Grandmother touched her arm. “Your mother tells me that you’ve been spending lots of time in southern Oklahoma at that strawberry farm your other grandmother left you.”
“Watermelon, not strawberry. I’ve got almost two thousand acres of melons. I can’t wait until the last part of June when some of them are ready to harvest so I can start making wine. I’ve been studying all of Granny’s old recipes.” Austin could hear the excitement in her voice as she reached for the short squatty glass of Jack Daniels.
“I’ll buy it from you. We’ll have it appraised and I won’t even quibble over the price,” Grandmother said.
Austin looked at her mother and aunts and saw a picture of herself in twenty-five years. In her grandmother she could see herself in fifty years. The Felder women had been popped out of the same mold for more than a century according to Grandmother. They were all tall, slim dark-haired women with blue eyes.
“Why would you want a watermelon farm?” Austin asked.
“I don’t. I’ll turn around and sell it at auction. If I lose money it’ll be a tax write-off. If I make money, I’ll give the profit to the local library and that will be a write-off. You need to concentrate on your job and promotion, not be exhausted from running back and forth to that hellhole,” Grandmother said.
Austin sipped her whiskey. It warmed her from her mouth to the bottom of her stomach, not totally unlike Rye’s kisses, only they went even deeper and heated her up much, much hotter.
“Thank you for the offer but my farm isn’t up for sale,” Austin said.
She’d chosen a simple black dress that evening with a double strand of oversized pearls that hung below her breasts. Her black heels were four inches high and open-toed to show a fresh pedicure of bright red polish that matched her fingernails. Her hair was straightened, layered, and needed trimming but she hadn’t had time to even think about calling Gemma.
“Why? You are going to sell it eventually anyway.”

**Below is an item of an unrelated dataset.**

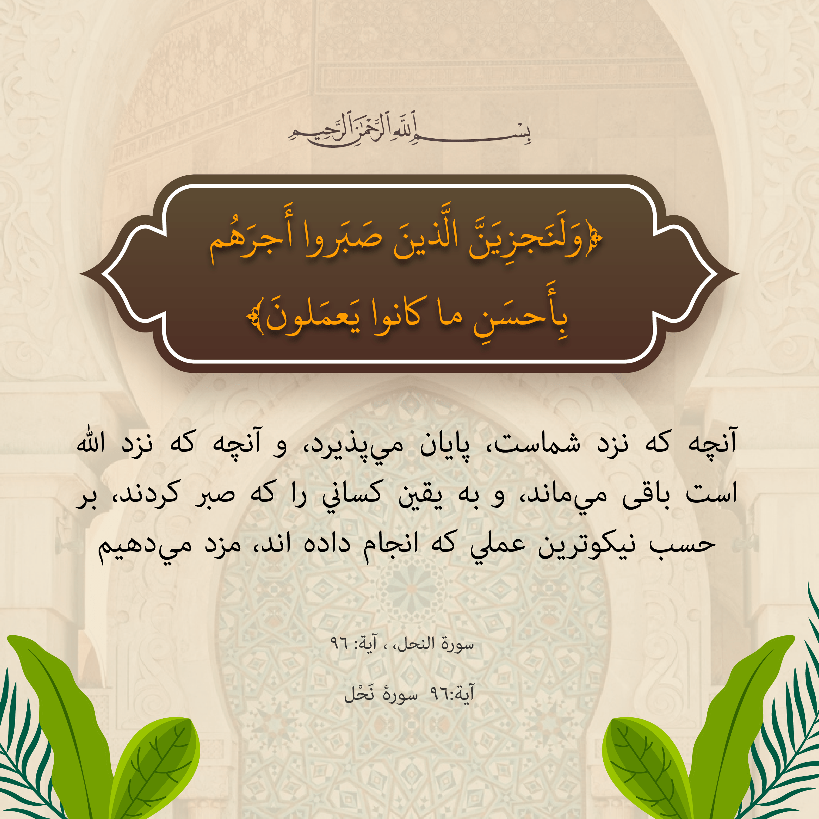 آنچه كه نزد شماست، پايان ميپذيرد، و آنچه كه نزد الله است باقی ميماند، و به يقين كساني را كه صبر كردند، بر حسب نيكوترين عملي كه انجام داده اند، مزد ميدهيم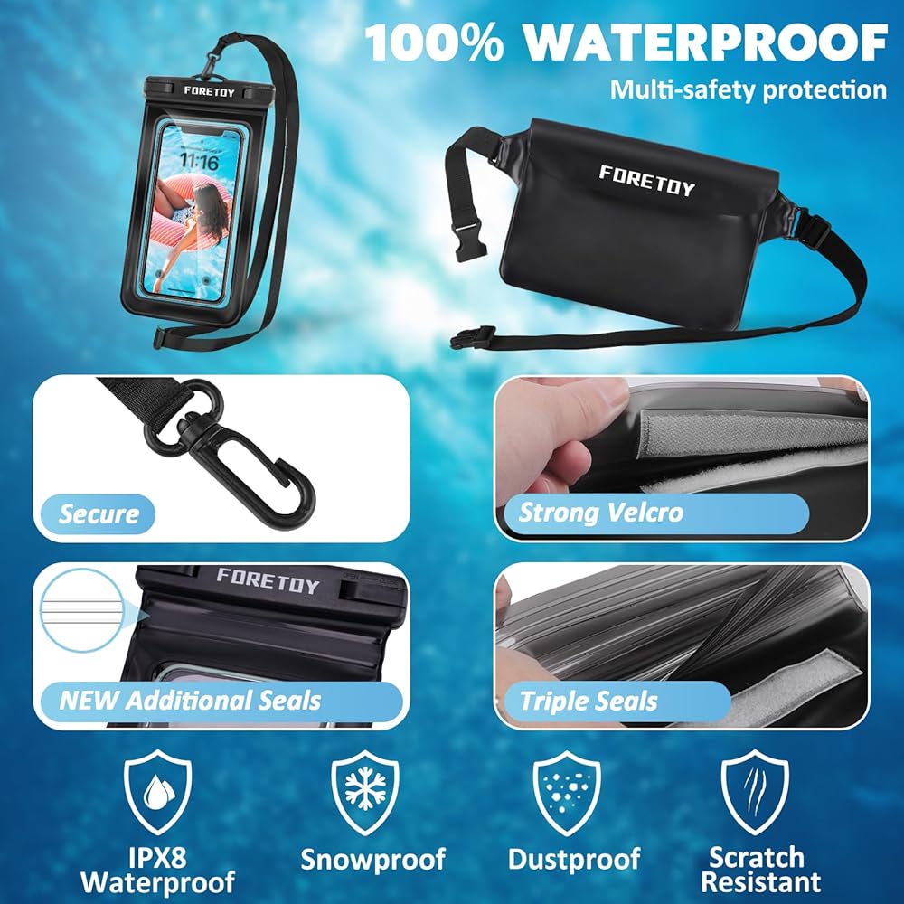 🏊♀️【Protection étanche IPX8】La pochette étanche est fabriquée en PVC imperméable, dispose de 3 couches de fermetures éclair scellées et de Velcro, et a un indice d'étanchéité IPX8., Que vous soyez à la plage ou que vous pratiquiez des sports nautiques, vous pouvez être rassuré. Ce sac pochette étanche est conçu avec une gamme de fonctionnalités uniques pour répondre à tous vos besoins, ce qui en fait un compagnon essentiel pour les activités de plein air et les voyages. -La pochette étanche bénéficie d'une impressionnante certification d'étanchéité IPX8, le plus haut niveau de protection contre l'eau, la poussière et le sable. Nous vous fournirons activement des solutions et promettons de vous apporter un service 100 % satisfaisant., -L'une des caractéristiques les plus remarquables est son design translucide et sa fenêtre tactile. Pochette étanche pour téléphone Téléphone sac étanche écran tactile... 🏄♀️【Conception pratique】La pochette étanche bleue présente une fenêtre translucide et tactile, vous permettant d'utiliser votre téléphone sans le sortir du sac. Si vous avez des questions, n'hésitez pas à nous contacter. - Une combinaison polyvalente de sécurité et de commodité. Pochette Téléphone Fenêtre Tactile Flintronic®-eu Pochette Ceinture Militaire : étanche à Tarif Pochette étanche Ceinture En nylon 600D, il est hyper résistant, imperméable, et léger. Avec ses multiples poches (dont une à fermeture éclair et des élastiques), tu peux ranger tout ton... Malgré son design compact, ce sac offre un grand espace de rangement. Remarque : avant utilisation, vous devez mettre la serviette en papier dans un sac étanche pour un test d'étanchéité. Le sac banane est étanche jusqu'à une profondeur de 2 mètres. 🤽♂️【Ceinture réglable】 Le sac banane étanche est conçu pour le confort et la sécurité. Olycism 2 en 1 Kit Étanche Sac Étanche avec Pochette Étanche Téléphone, Etui Pochette 🏄♂️【Grand espace de rangement】La taille du sac banane étanche est : 22*15,5 cm. -Le sac banane imperméable est conçu dans un souci de confort et de sécurité, et les bretelles réglables de ce sac banane assurent un ajustement parfait à tous les types de corps., Unisexe. -Nous nous engageons à offrir aux clients une expérience d'achat agréable. Cette fenêtre translucide vous permet d'utiliser votre téléphone sans le sortir de votre sac.

“Thank you for the offer.” Austin politely moved to the other side of the room and backed up against the stones surrounding the cold fireplace. Aunt Clydia was telling Grandfather about the possibility of being appointed a judge. She’d gone from prosecuting lawyer to DA in her part of the world and now there was a nomination for a judgeship. His smile said it all. He was very proud of his daughter.
Barbara and Joan were discussing something in the business line; at least they were until Grandmother joined them. Now they were talking in quiet whispers and being obviously careful not to look at Austin.
Another sip of whiskey brought back the warmth and made her think of the amazing sex she and Rye had had the past weekend. She wished she was back in that jam-packed house rolling around on the bed, or hell’s bells, even the floor with him.
“Dinner is served, ma’am,” the cook said from the doorway leading into the dining room.
Everyone set their glasses on the bar and migrated that way with Austin bringing up the rear. Light from the cut glass prisms on the chandelier made the crystal water glasses and the wine glasses sparkle. Steam rose from bowls of spiced tomato soup and the waiters stood ready to refill glasses when they were emptied.
Grandfather sat at the head of the table with Grandmother on his right and Barbara on his left. Clydia had the other end of the table with Joan on her right and Austin on her left, which put Austin across the table from her mother.
“It’s been a long time since we’ve all set down to dinner together. This is nice.” Clydia smiled.
Everyone raised a glass and said, “Hear, hear!”
Austin picked up her knife and carefully buttered a bread stick, bit off a piece, and remembered the delicious stuff that Rye served with steaks.
Grandmother looked at Austin. “You look exhausted, my dear. By the summer’s end you’ll be ready for an asylum.”
“I like it in Terral. It’s peaceful. You should all fly into Dallas for a weekend and drive up there to see for yourself,” Austin said.